Of course music is drastically different from TV and it is far easier to have a video service with just one slice of all available content than it is for music. Nonetheless, in the video sector there is no prevailing attitude of not wanting to disrupt the dominant $7.99 broad catalogue model. TV and video industry stakeholders are not only willing to tolerate disruptive innovation (online at least!), they understand it is crucial to drive the market forwards. So why don’t labels take a similar view? A key reason is rights concentration. Because three labels account for the majority of music rights, each has de facto veto power. Most companies that are dominant in their markets pursue smaller, sustaining innovations that improve the product but that do not threaten their businesses. So it is fully understandable that major labels have not empowered disruptive innovations that could risk turning their digital businesses upside down. It would be like turkeys voting for Christmas. And yet the growth trajectory of most leading music services shows that by sticking with sustaining innovations they are unwittingly curtailing the scale of their future growth.

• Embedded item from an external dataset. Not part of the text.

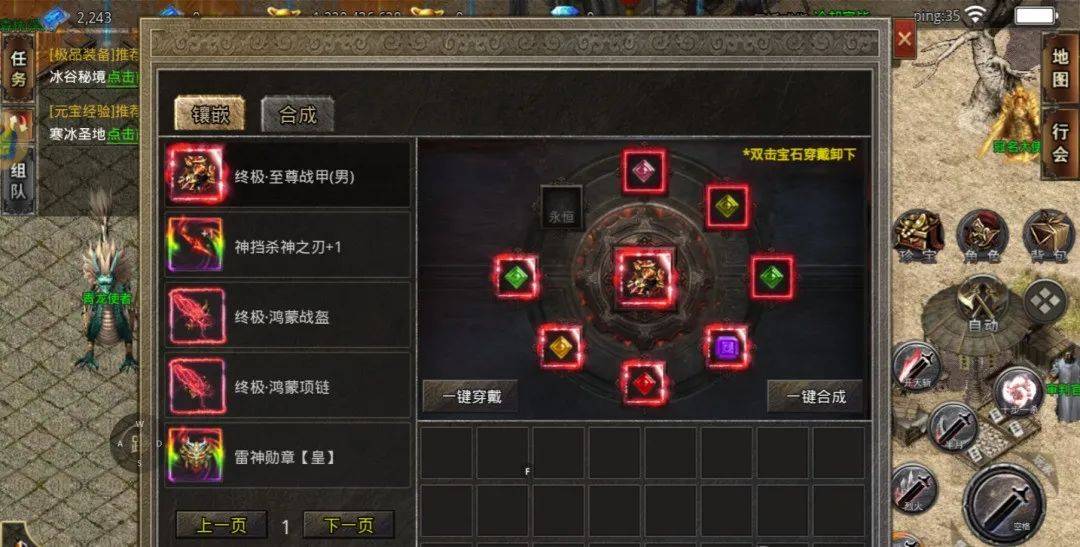 还有个就是宝石系统,每天获得的宝石可以装备到装备上,建议把宝石升到盘古等级,因为这样会有百分比攻击。盘古以下等级可以直接合成!

Again, compare and contrast with TV where rights are far more fragmented and are becoming even more so. No single TV network or studio has the ability to stop a service in its tracks. The result is a far greater rate of innovation.

Music Subscription Services Are Compelled To Behave Like CE Companies

Thus music subscription services are forced to behave like the old CE companies, competing on the implementation of fundamentally the same product. TIDAL do exclusives and high definition, Spotify do playlist innovation and video, Apple does curation and exclusives. But when it comes down to it they are selling the same $9.99, 30 million tracks, on demand, mobile caching product to largely the same group of consumers.

Postscript: The Unusual Case Of Apple

The keen eyed among you will have noted that Apple Music’s growth curve does not fit the S-Curve model, or at least not what we can see of it yet. It certainly appears that Apple is set for a very different adoption path. There are mitigating factors. The streaming market is far more mature now than when Spotify and Deezer launched. Additionally, Apple has a unique platform and ecosystem advantage that enables it to short cut adoption rates. It can sell straight to its user base of Apple-super-fans. Selling additional products and services to its installed base of 850 million iTunes customers will be key to the next stage of Apple’s story and music will play its role in that. (Amazon is potentially another exceptional case given its ability to sell directly into its customer ecosystem and also with its focus on a more mainstream audience.)

But even Apple will eventually reach the saturation for the $9.99 product within its user base. In fact, one reading of Apple’s adoption curve is that it skipped the first stage of slow growth, has had a brief period of mid period strong growth and is now settling down for a long gradual arc of adoption that looks like an amalgamation of the final 2 stages of the S-Curve model. Whatever the path, let’s just hope that long before Apple Music hits maturity, the record labels will have woken up to the need to support an unprecedented phase of experimentation and innovation to identify all the other opportunities for premium music that exist outside of the super fan beachhead. Remember its 2016 not 1986.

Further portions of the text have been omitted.